How to perform gene expression data analysis in JMP® Pro 17: Part 4 - Modelizati...

Valerie_Nedbal · Aug 21, 2023 10:20 AM

In this blog, I introduced a workflow for modelization of gene expression data in JMP Pro 17. Keep reading to see how to apply those steps.

Modelization

The Predictor Screening platform is useful for analyzing large data sets, in which hundreds or thousands of measurements on a sample are taken and require innovative approaches. For example, it can be used to help identify biomarkers from thousands tested in samples from patients with and without a condition to predict the condition. It can also be used to quickly screen the important biomarkers before doing any types of further analysis, such as modelization for reducing the complexity of the model and improving the accuracy of the predictive models.

Since the Predictor Screening platform uses a different methodology from Response Screening, it finds variables that drive large changes in the data by using a bootstrap forest model to screen for potentially predictors of your response.

Here we can see the outcome of ranked predictor (biomarker) contributions:

Frequently, gene expression profiles display similarity, which suggests some co-regulation; it is often beneficial for reducing the number of candidates that are highly correlated.
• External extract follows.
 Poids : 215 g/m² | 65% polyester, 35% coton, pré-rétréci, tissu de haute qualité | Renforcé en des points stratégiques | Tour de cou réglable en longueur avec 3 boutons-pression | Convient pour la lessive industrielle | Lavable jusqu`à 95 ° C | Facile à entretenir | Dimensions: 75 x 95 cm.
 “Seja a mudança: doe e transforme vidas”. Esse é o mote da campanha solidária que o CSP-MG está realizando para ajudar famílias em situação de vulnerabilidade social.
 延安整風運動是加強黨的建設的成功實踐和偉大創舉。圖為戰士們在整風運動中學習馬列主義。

The Cluster Variables platform performs dimension reduction on the number of input variables to be used in a predictive model. It reduces inputs by finding groups of similar variables so that a single variable can represent each group.

It incorporates principal component analysis (PCA) in the clustering of the samples Statistical Details for the Cluster Variables Platform. PCA is a tool for understanding both the relationship between many variables and some of the underlying effects by revealing which variables are behaving similarly. It also reveals which variables are unique among the important variables.
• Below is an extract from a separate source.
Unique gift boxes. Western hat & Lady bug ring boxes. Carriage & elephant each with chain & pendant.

Below, I selected the 50 most important variables from Predictor Screening and used them in the Cluster Variables.

In the cluster summary, we see only five unique groups of variables with the most representative variable. Note that the number of clusters can vary from one analysis to another, since the variables picked from Predictor Screening can vary from one analysis to another.
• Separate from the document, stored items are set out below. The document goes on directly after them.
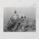A vintage photograph of the Point Reyes Lighthouse perched atop an oceanside cliff in California.
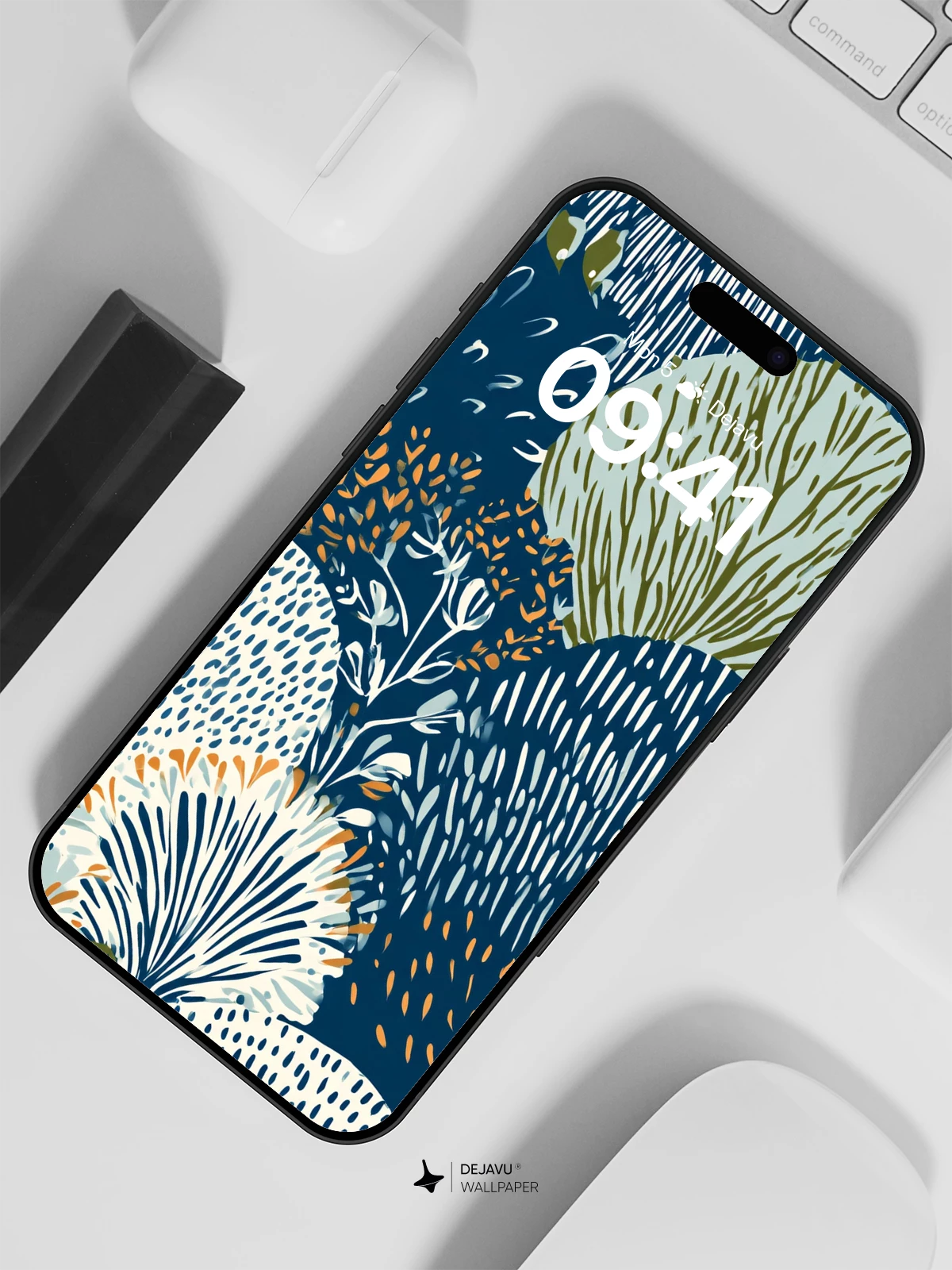 This captivating abstract wallpaper draws inspiration from the intricate details of tropical foliage and natural forms, rendered in a painterly, illustrative style reminiscent of contemporary textile art. Rich navy blues, soft greens, and warm terracotta hues create depth and harmony, while bold patterns evoke the rhythm of leaves and ferns. Ideal for enhancing your iPhone, Android, or tablet screen with a touch of serene elegance, this 8K wallpaper brings the tranquility of nature into your digital world.
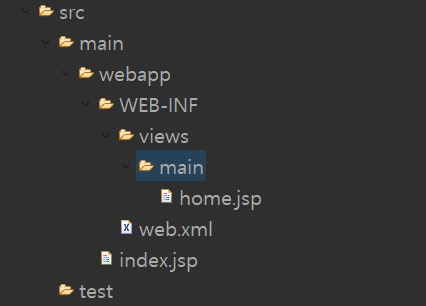- WEB-INF/views/main 폴더를 생성 후 아래에 home.jsp 파일을 생성하여 준다.

In this example, in Cluster 1, we can put 23 variables together because they are performing similarly. From this group, we only must look at Variable -15645. This single variable explains 81.3 % of the variation in the first principal component that it is occurring among those 23 variables. This single variable also explains 37.4% of all the variability among the 50 variables. Variable -15645 has the highest correlation with the variables in its cluster. In summary, Cluster Variables enables very quick analysis of uniqueness to allow us to further identify important variables that need to be analyzed in greater detail.

The next step is to model our genes to see how the level of their expression influences the response (Tissue Stage). The Model Screening allows us to automatically find the model that best fits the data. From the list of models suggested, we can choose the ones that we want to apply. In our case, the XGBoost performed the best with an RSquare of 97%.

From the XG Boost model, the Prediction Profiler enables us to detect how the level of gene expression will affect the predicted value of the response. Here we can see the level of expression of five genes have an impact of the differentiation stage of the tissue.

And just like that, JMP Pro 17 successfully identified a handful of biomarkers that differ in expression for different tissue types and tissue stages of preovulatory follicle development.